_How to complete this task_: In the listing below, locate the line with "Kayseri’nin Kocasinan ilçesinde" and the line with "រុក្ខាប្រមាញ់ និងនេសាទ និងក្រសួងបរិស្ថាន", then output both and everything between them exactly, minus any pictures.

_Material to process_:
——————————

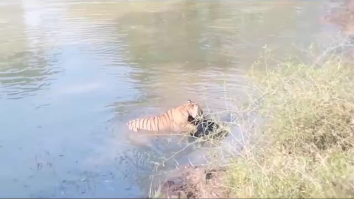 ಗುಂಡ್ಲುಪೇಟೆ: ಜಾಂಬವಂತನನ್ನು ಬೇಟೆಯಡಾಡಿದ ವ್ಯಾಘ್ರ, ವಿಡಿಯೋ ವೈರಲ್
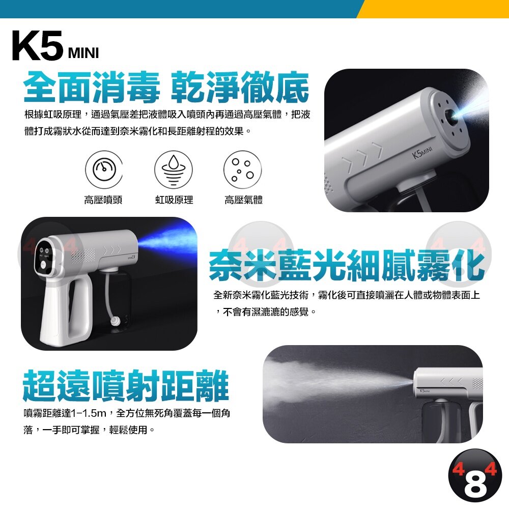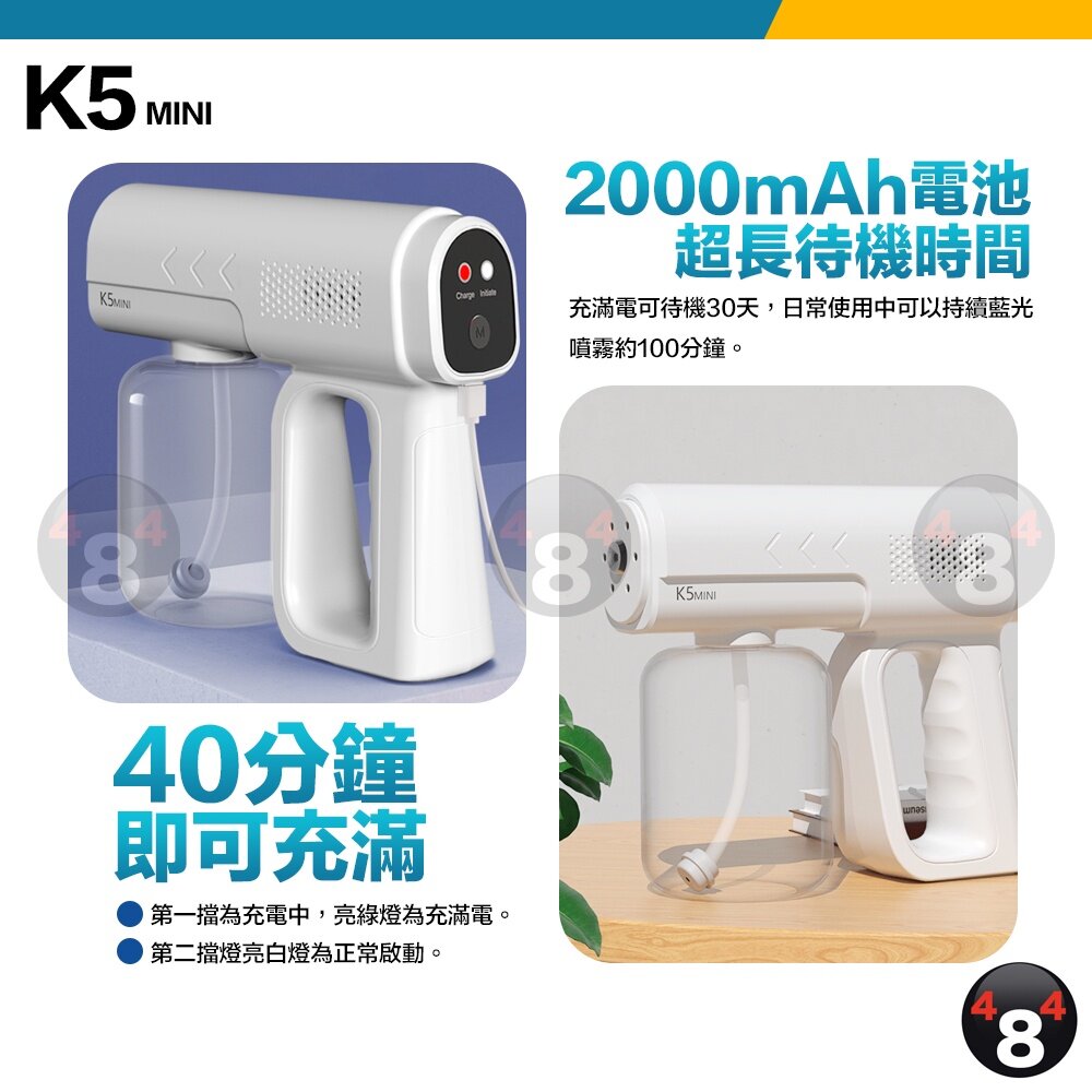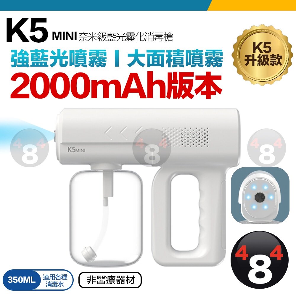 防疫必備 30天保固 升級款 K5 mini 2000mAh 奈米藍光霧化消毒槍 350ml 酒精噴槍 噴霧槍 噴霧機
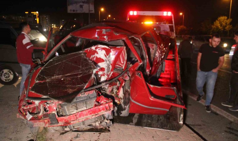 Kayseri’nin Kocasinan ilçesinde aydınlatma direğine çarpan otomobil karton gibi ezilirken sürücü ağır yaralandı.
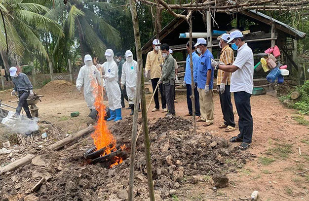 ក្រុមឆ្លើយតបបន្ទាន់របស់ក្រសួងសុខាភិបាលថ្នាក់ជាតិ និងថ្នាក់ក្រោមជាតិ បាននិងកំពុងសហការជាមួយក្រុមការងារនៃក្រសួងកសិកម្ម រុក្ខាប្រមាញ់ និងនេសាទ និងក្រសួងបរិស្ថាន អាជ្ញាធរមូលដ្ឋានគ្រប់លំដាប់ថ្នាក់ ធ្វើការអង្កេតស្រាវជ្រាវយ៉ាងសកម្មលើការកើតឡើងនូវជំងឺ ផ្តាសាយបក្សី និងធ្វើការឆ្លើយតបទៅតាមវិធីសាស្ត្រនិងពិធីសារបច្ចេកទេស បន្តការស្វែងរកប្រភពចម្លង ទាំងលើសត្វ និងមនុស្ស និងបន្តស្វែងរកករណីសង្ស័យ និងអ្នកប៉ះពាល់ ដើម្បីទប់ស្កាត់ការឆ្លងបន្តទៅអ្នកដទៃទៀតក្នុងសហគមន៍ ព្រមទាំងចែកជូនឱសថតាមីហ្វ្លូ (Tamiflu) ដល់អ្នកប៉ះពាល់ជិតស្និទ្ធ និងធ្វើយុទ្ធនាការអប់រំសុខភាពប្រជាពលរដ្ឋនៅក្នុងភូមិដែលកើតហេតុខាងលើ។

——————————

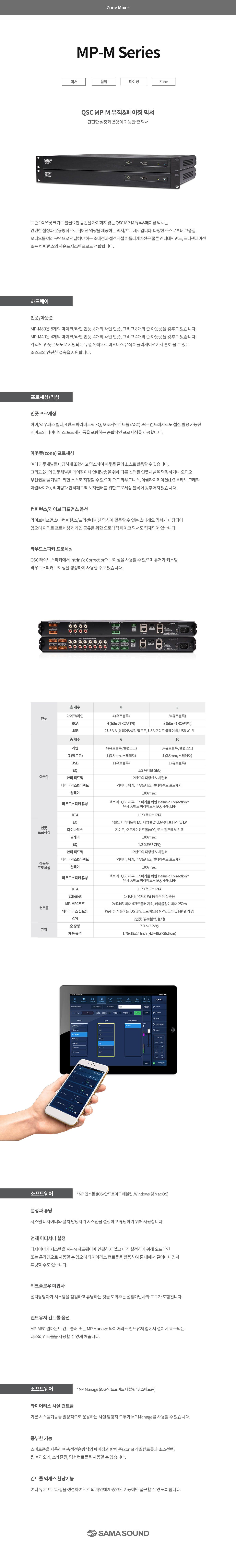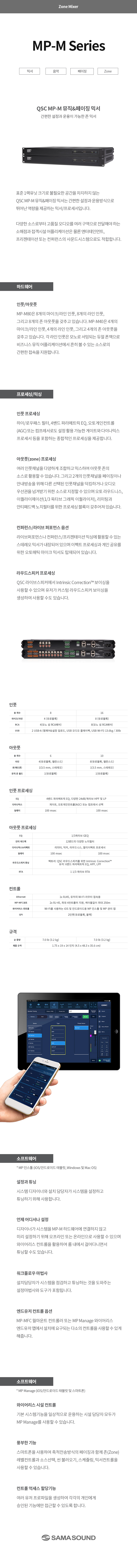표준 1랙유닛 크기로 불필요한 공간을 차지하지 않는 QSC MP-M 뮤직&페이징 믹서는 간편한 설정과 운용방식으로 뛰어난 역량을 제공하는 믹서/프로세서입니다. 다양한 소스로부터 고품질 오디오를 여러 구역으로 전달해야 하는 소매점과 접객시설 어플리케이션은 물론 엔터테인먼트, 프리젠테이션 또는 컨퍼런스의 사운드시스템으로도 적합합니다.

——————————

_Answer to this problem_:
 Kayseri’nin Kocasinan ilçesinde aydınlatma direğine çarpan otomobil karton gibi ezilirken sürücü ağır yaralandı.
 ក្រុមឆ្លើយតបបន្ទាន់របស់ក្រសួងសុខាភិបាលថ្នាក់ជាតិ និងថ្នាក់ក្រោមជាតិ បាននិងកំពុងសហការជាមួយក្រុមការងារនៃក្រសួងកសិកម្ម រុក្ខាប្រមាញ់ និងនេសាទ និងក្រសួងបរិស្ថាន អាជ្ញាធរមូលដ្ឋានគ្រប់លំដាប់ថ្នាក់ ធ្វើការអង្កេតស្រាវជ្រាវយ៉ាងសកម្មលើការកើតឡើងនូវជំងឺ ផ្តាសាយបក្សី និងធ្វើការឆ្លើយតបទៅតាមវិធីសាស្ត្រនិងពិធីសារបច្ចេកទេស បន្តការស្វែងរកប្រភពចម្លង ទាំងលើសត្វ និងមនុស្ស និងបន្តស្វែងរកករណីសង្ស័យ និងអ្នកប៉ះពាល់ ដើម្បីទប់ស្កាត់ការឆ្លងបន្តទៅអ្នកដទៃទៀតក្នុងសហគមន៍ ព្រមទាំងចែកជូនឱសថតាមីហ្វ្លូ (Tamiflu) ដល់អ្នកប៉ះពាល់ជិតស្និទ្ធ និងធ្វើយុទ្ធនាការអប់រំសុខភាពប្រជាពលរដ្ឋនៅក្នុងភូមិដែលកើតហេតុខាងលើ។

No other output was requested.